At birth, your ovaries will contain one to two million eggs. By the time you’re reaching puberty, that number will be down to about 300,000, and at menopause, the last few will disappear.
This process is called apoptosis. Apoptosis is a natural process following your human ovary from birth until old age.
What could it mean when your ovaries hurt?
There are many reasons for ovary pain, but the first thing you should do if you’re in pain is called your OB-GYN or physician. Some other reasons your ovaries might be hurting are:
Most cysts that develop in your ovaries will be small and painless. Cysts are rarely precursors to cancer and will resolve themselves on their own. Some symptoms you may experience with a cyst are abdominal pain, feeling belly fullness, and irregular periods. You’ll be unaware of having one without symptoms. A yearly pelvic exam is an excellent way to track ovary health. Your OB-GYN should be doing it already but if not, make sure you’re advocating for it. Your ovaries will thank you for it.
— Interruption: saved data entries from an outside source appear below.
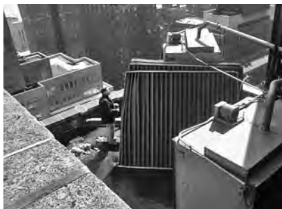
❑ Figures 8a (top), 8b (middle), 8c (bottom): A portion of this glazed curtain wall detached and fell dozens of stories.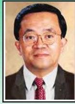
Synopsis/Captions by Pres. Raffy Chan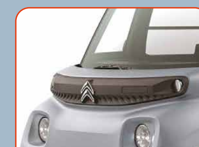
Black embellisher at top of front bumper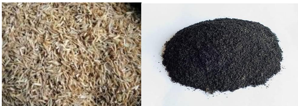
Fig 1: RHA as received and after burning at 700 °C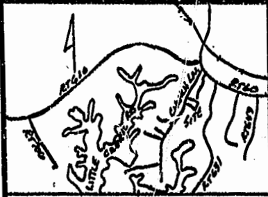
VICINITY MAP 1"=2000'

PCOS (Polycystic ovary syndrome)
PCOS is a hormonal disorder common among women during their reproductive age. Symptoms of PCOS include acne, weight gain, irregular periods, and increased body hair growth. If you’re experiencing PCOS, you may have infrequent or prolonged menstrual periods.
Up to 20% of women will experience PCOS. PCOS is when your ovaries produce too many male sex hormones, which keeps follicles shut and leads to cysts forming.
Some find birth control to help manage PCOS. The exact cause of PCOS is unknown. Getting a diagnosis early is crucial to getting the proper treatment.
Each year, 20,000 women are diagnosed with ovarian cancer. The tumors from ovarian cancer are rarely detected early when they are easier to treat.
No standardized screening tests for ovarian cancer have been shown to improve diagnosis. If you are concerned about having ovarian cancer, discuss with your doctor the next steps and get a new pelvic test.
During your pelvic test, your doctor will:
- Check the outer part of your genitals.
- Put two gloved fingers into your vagina and push on your abdomen with the other hand. This test is to check your uterus and ovaries size.
- A speculum device will be put into your vagina to look for irregularities.
Your doctor may also run blood tests, imaging tests, biopsies, and genetic tests to check for ovarian cancer. Symptoms of ovarian cancer may be present, but in many cases, you won’t experience any.
Symptoms of ovarian cancer may include:
- Back or pelvic pain
- Feeling like or constant urination
- Loss of energy or appetite
What happens to your ovaries during menopause?
At a certain point in life, your ovaries will kick up their feet and enjoy a well-deserved vacation. The years leading up to this “vacation” will be a bit unpredictable for you. This period is called perimenopause. Perimenopause is the natural process of when your ovaries stop working. Your ovulation will become irregular and then suddenly stop. Perimenopause is caused by the constantly changing levels of hormones in the body.
As your ovaries age, they may not always be able to read the signal from your hormones that it’s time to release an egg. These missed readings result in more hormones being secreted, throwing your whole body’s balance off.
You may experience the following during this period:
- Varying periods
- Mood swings
- Sleep issues
- Hot flashes
Talk with your doctor about finding ways to help you control these symptoms.
How do you keep your ovaries healthy?
Some of the ways you can keep your ovaries healthy and happy include:
Getting an annual pelvic exam: Through this one exam, your doctor may be able to catch issues like cysts and tumors that are symptomless or not causing you physical issues.
Don’t smoke: Smoking lowers your fertility rate. If you smoke, quit smoking. Cigarette smoke chemicals can cause damage to your eggs. Again, if you smoke and are working towards fertility, stop smoking.
Maintaining a healthy weight: Keeping your hormones regulated starts with having a healthy weight. Some other benefits for you are regulating your period and easing PCOS symptoms.
Keeping up with your annual exams and planning your ovary health is a great way to expect the unexpected better. While your ovaries will eventually “retire,” you can be as prepared as possible for this moment. Your ovaries do a lot for being so small – maybe we will try to do the same for them!